Section 9-320 of the UCC applies only in the event the underlying transaction between Lessor and Lessee is deemed to be a "disguised security interest" rather than a true lease. As long as Sublessee is "buying" the leased property from Lessee, there is a decent possibility that it would take free of Lessor’s security interest under this provision. Although there is some support that the term "buy" would only refer to situations where Lessee has been conveyed ownership of the asset by, for example, a bargain purchase option in the Sublease, broad language in the UCC definitions of "purchase" and "purchaser" and lack of much authority may make litigating this issue somewhat risky.
A Sublessee may also to try invalidate Lessor’s interest pursuant to the "entrustment theory" found in UCC §2-403(2) and (3) which grants a merchant the ability to convey to a buyer in ordinary course all of Lessee's rights in the leased property and all of Lessor’s rights of the leased property. This provision can be used even if the underlying transaction between Lessor and Lessee is deemed to be a true lease instead of a “disguised security interest.” Once again, this provision should only benefit a Sublessee if it is "buying" the leased property.
Section 2A-305 is a modified version of the entrustment theory which applies in the leasing context. It gives a Sublessee who cannot qualify as a "buyer in ordinary course" the chance of qualifying as a "lessee in ordinary course." If a Sublessee is successful in establishing itself as a lessee in ordinary course, its leasehold rights could trump Lessor’s rights in the leased property.
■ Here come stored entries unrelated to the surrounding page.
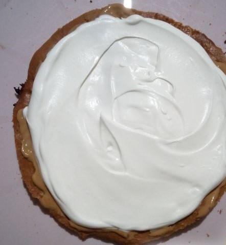 Alternate between cakes, caramel sauce, and cream. Lubricate the entire structure generously with whipped cream.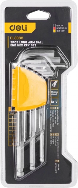 Det lange sæt af unbrakonøgler fra Deli Tools indeholder 9 dele fremstillet af krom-vanadiumstål. De er ideelle til både professionel og hjemmebrug og tilbyder korrosionsbestandighed og modstandsdygtighed over for høje temperaturer.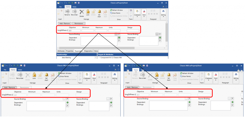 The relationship generalization of also provides the concept of inheritance. With inheritance, the same parameter used in the baselined component design is also inherited by the components involved in the trade study. In this example, the MkI chassis and MkII chassis inherit the “longitudinal stiffness” from the baselined chassis. (I created this parameter for the chassis design to be able to evaluate the components in the trade study quantitatively. I am neither a mechanical engineer nor a motorcycle designer. “Longitudinal stiffness” is merely fictitious characteristic invoked to demonstrate the relevant concept.)
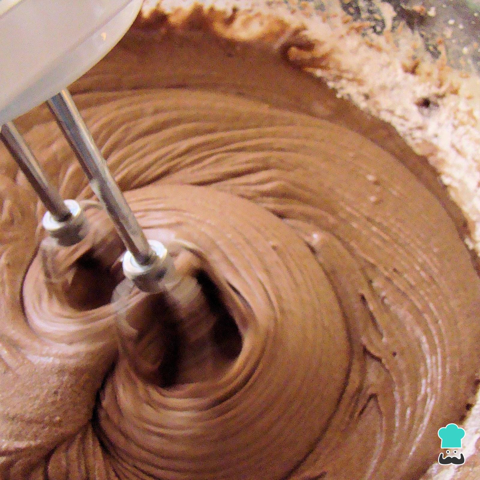 En la batidora, a velocidad media, se baten los huevos y el aceite y luego se le agregan la leche y el vinagre. Cuando este todo bien mezclado se le incorporan los ingredientes secos poco a poco y por último se le echa el café caliente.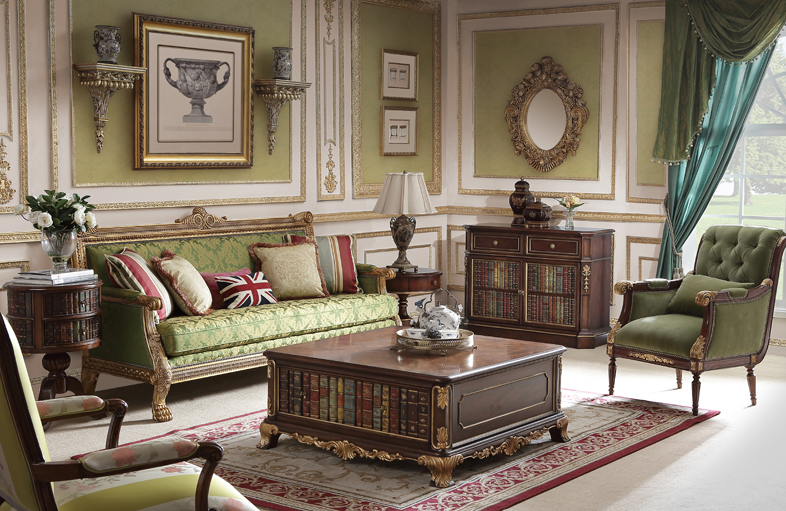 还原英国近郊温莎城堡房间内的珍稀古董悟空体育官网,重现摩登18世纪的奢华皇室生活。以象征希望、和平的绿色为主基调,书本彩绘饰以仿古效果为豪门大宅增添了几许书卷情韵,描金的花朵、藤蔓雕刻,点缀出贵族生活的品位与真谛!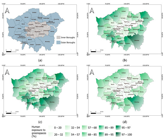 (a) Inner and outer Boroughs of London, and Borough-level assessment of human exposure to green spaces using satellite-derived vegetation index and population data, with darker colours indicating higher levels of green space exposure; (b) 2017, (c) 2020, and (d) 2024.
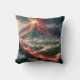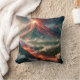 Een majestueuze vulkaanuitbarsting domineert het tafereel, met levendige rode lava die langs de hellingen stroomt en een rookpluim die de lucht in stroomt. Het omringende landschap is weelderig met groen, contrasterend met de vurige uitbarsting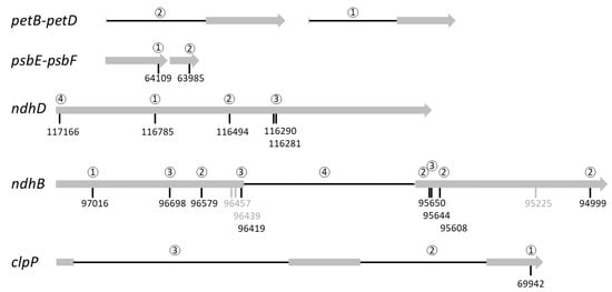 - Freyer, R.; Hoch, B.; Neckermann, K.; Maier, R.M.; Kössel, H. RNA editing in maize chloroplasts is a processing step independent of splicing and cleavage to monocistronic mRNAs. Plant J. 1993, 4, 621–629. [Google Scholar] [CrossRef] [PubMed]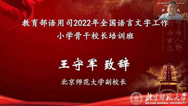 为贯彻落实全国语言文字工作会议精神和《国务院办公厅关于全面加强新时代语言文字工作的意见》,推动语言文字事业高质量发展,近日,由教育部语言文字应用管理司主办、北京师范大学继续教育与教师培训学院承办的2022年全国语言文字工作中学骨干校长、小学骨干校长和幼儿园骨干园长培训项目先后在线上开班,教育部语言文字应用管理司二级巡视员孟庆瑜、北京师范大学副校长王守军出席相关开班仪式,来自全国31个省、自治区、直辖市和新疆生产建设兵团的140名小学骨干校长、130名中学骨干校长和100名幼儿园骨干园长参加了相关培训。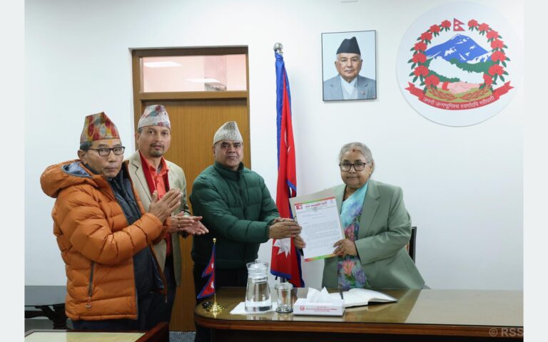 काठमाडौँ । प्रधानमन्त्री सुशीला कार्कीसँग बिहीबार भेट गरी जय मातृभूमि पार्टीको प्रतिनिधिमण्डलले ज्ञापनपत्र बुझाएको छ।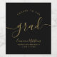 Minimalist "Cheers to the Grad" graduation wine bottle label in simple gold and black text with white background. Featuring modern and elegant handwriting typography style. All text is customisable. Personalise with name, school name, and year of graduation. Perfect for graduation gift or graduation party favour.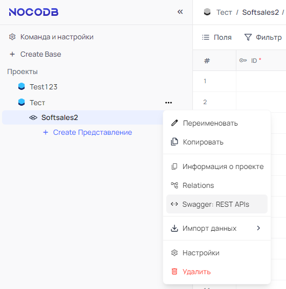 Токен аутентификации - представляет собой авторизационный токен, который позволяет обращаться к API NocoDB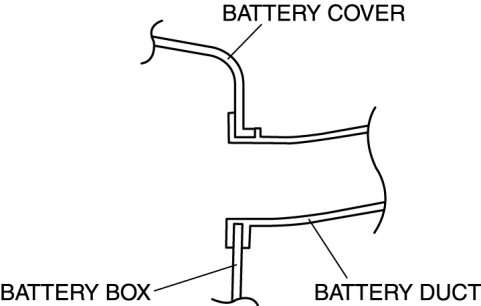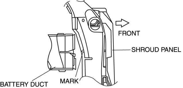 1. Match the mark of the shroud panel and notch in the battery duct, and install the battery duct to the shroud panel.
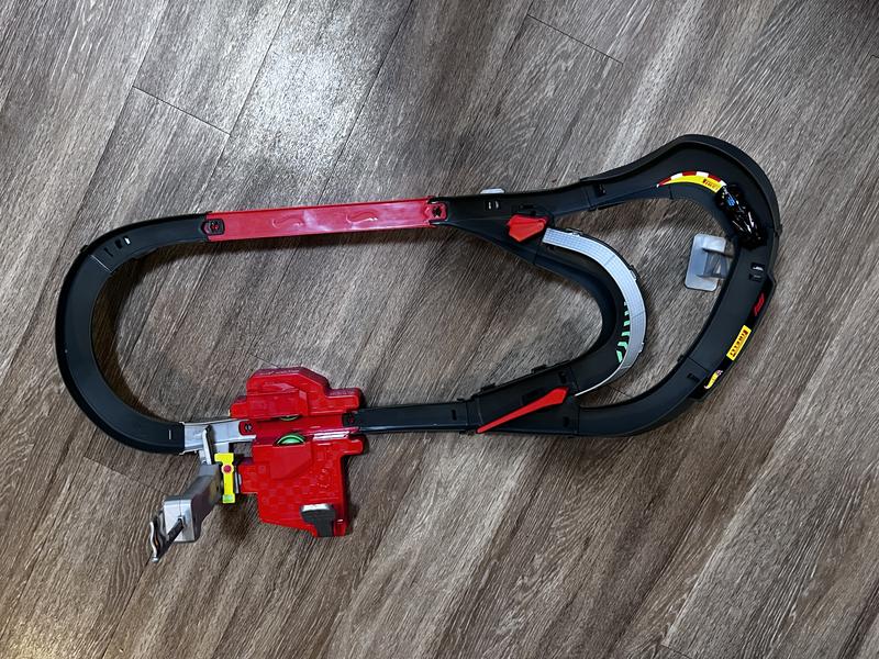 This is a really fun race track. I love that we don’t have to put batteries in it. It was very easy to assemble and disassemble. My kids love watching the cars race around. The negatives are that it is very loud, and there is a learning curve with the hand operated speed boost.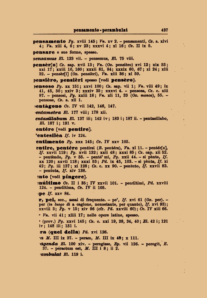 pensèr[o] Cz. sap. xvii 13 ; Vn. (Ox. pensièro) xvi 12 ; xix 53 ; xxi 17; xxiii 10, 160; xxxii 81, 84; xxxix 60, 67; xl 24; xiii 32. - pensèr[i] (Ox. pensièri), Vn. xiii 36 ; xl 59.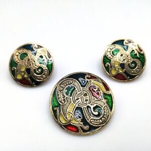 *Description: This vintage jewelry set by Sold'or Miracle is a Celtic design with colorful cloisonne enamel and signed on all pieces. The brooch is also a pendant with a bail on top and the earrings are post earrings. This set is from around the 1980s. This would be a great addition to your jewelry collection or make a great gift!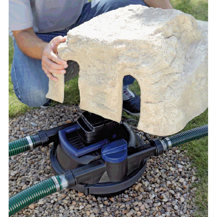 Du vrider ett vred på filtret till läge rengöring. Dammpumpen pumpar då vattnet baklänges genom filtermaterialet samtidigt drar du i ett handtag upp och ner. Filtermaterialet i filtret “kramas” då samman och smutsen spolas ur genom den särskilda avloppsutgången. Sätt fast en slang på avloppet så får du ett idealiskt vatten till dina rabatter. När vattnet klarnar är det bara att sätta vredet i normalläge igen.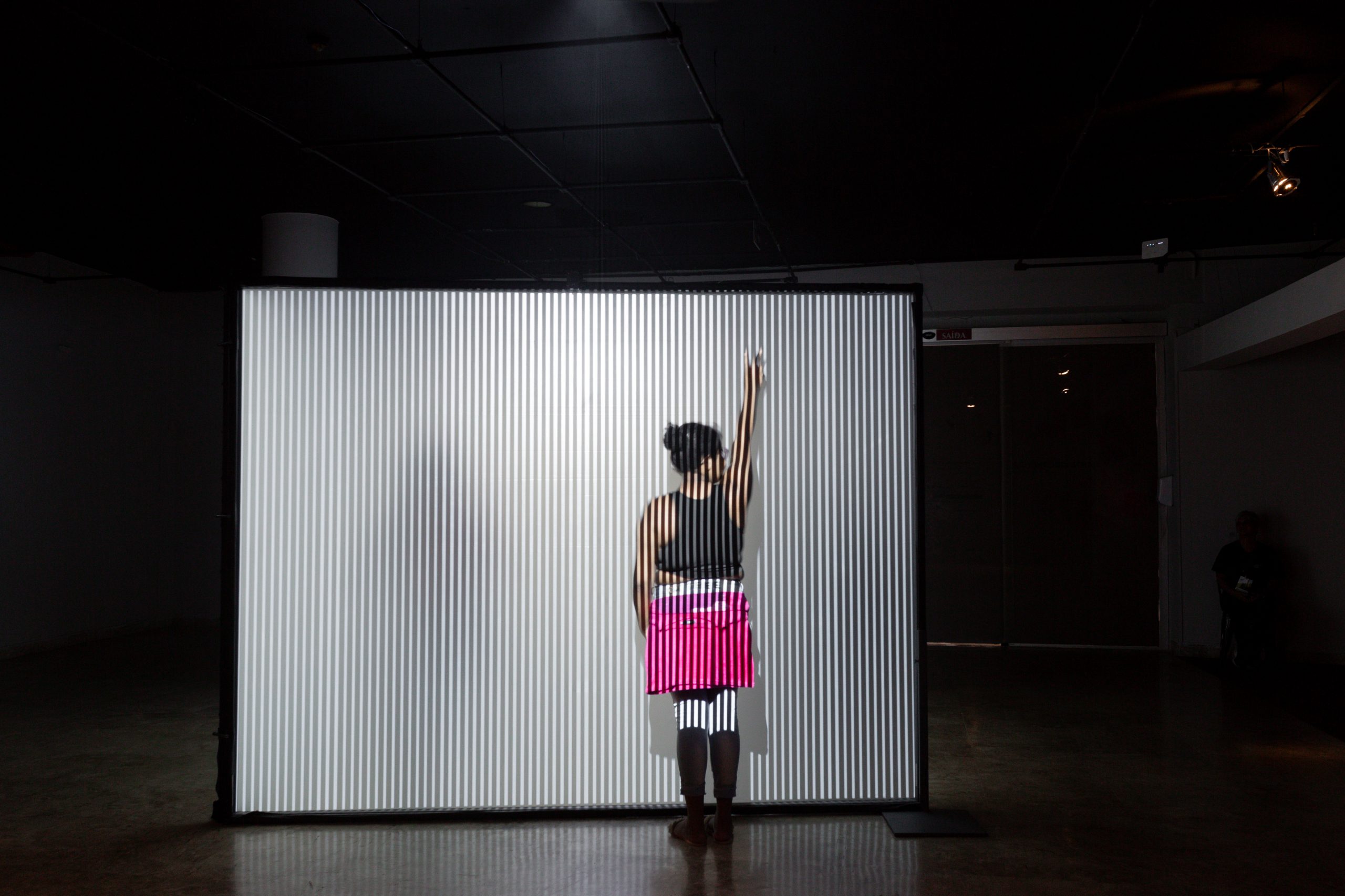 A instalação é composta por três grandes telas de 3,25m por 2,49m, que formam o volume de um cubo aberto, preenchido por centenas de linhas virtuais semelhantes às cordas de um violino. Afinadas com a tensão ideal, essas “cordas” vibram em frequências de luz e som que se transformam conforme a interação do público. Cada movimento, som ou gesto realizado pelos visitantes é traduzido em respostas visuais e sonoras em tempo real, criando uma experiência imersiva e única.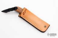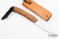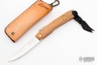 This Higonokami by Kei Goto features a VG-10 San Mai Damascus blade. The handle is one piece of Hawaiian Koa with brass and nickel silver pins, lanyard hole. Comes with a leather slip sheath. Excellent condition.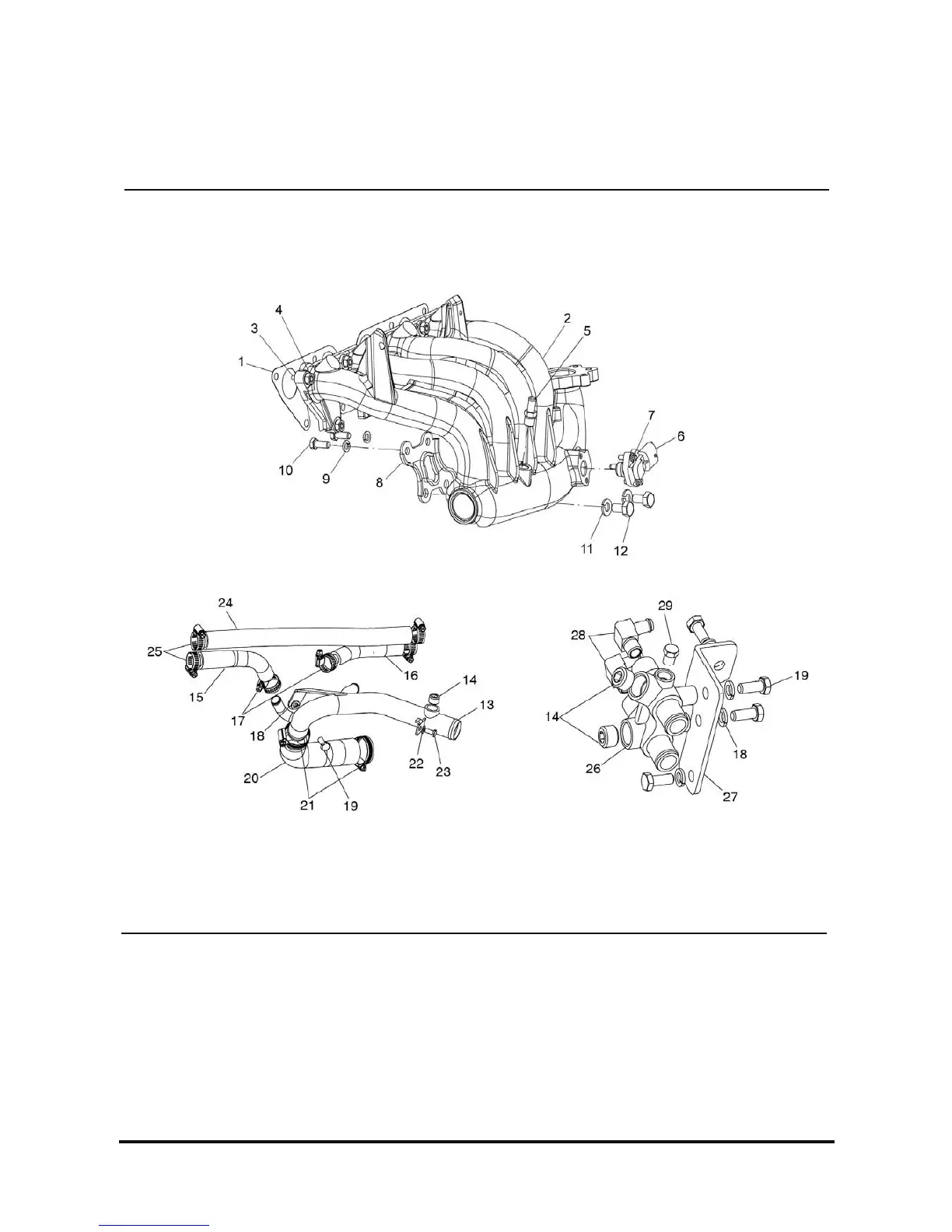 1) Gasket 2) Intake Manifold Assy 3) Stud Bolt 4) Nut 5) Fitting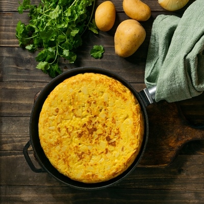 - К пюре прибавляют сметану, яйца, растопленного масла, разравнивают на сковороде, посыпают сухарями и запекают.

Due to the complex and unsettled nature of this area of the law, we recommend that Lessors proceed cautiously when leasing Inventory to a Lessee. Lessors should also consider the following strategies to lessen their exposure if moving forward with such transactions:
A. The Lessor could require Lessee and Sublessee to execute a Security Sublease and Assignment of Sublease which: (1) operates as a pledge by Lessee to Lessor of Lessee's rights under the Sublease; and (2) contains an acknowledgement to be executed by Sublessee confirming that Sublessee's rights are subject and subordinate to Lessor’s rights.
B. Since the UCC definitions of "buyer in ordinary course" and "lessee in ordinary course" require that Sublessee not know that its rights under the Sublease violate Lessor’s ownership or security interest in the leased property, Lessor can take precautions to make sure Sublessees have notice of Lessor’s rights in the leased property, including Lessor’s ability to repossess and dispose of the leased property the event of a default by Lessee. For example, Lessor could send a notice to the Sublessee and could place having a legend on the leased equipment which clearly reflects Lessors rights. Although this type of protection is not as strong as that outlined in A above, a Lessor would likely be treated fairly well by a court if Sublessee received a notice from Lessor prior to the time Sublessee executed the Sublease which advises Sublessor of Lessor's rights under the Lease and Lessor’s interest in the leased property.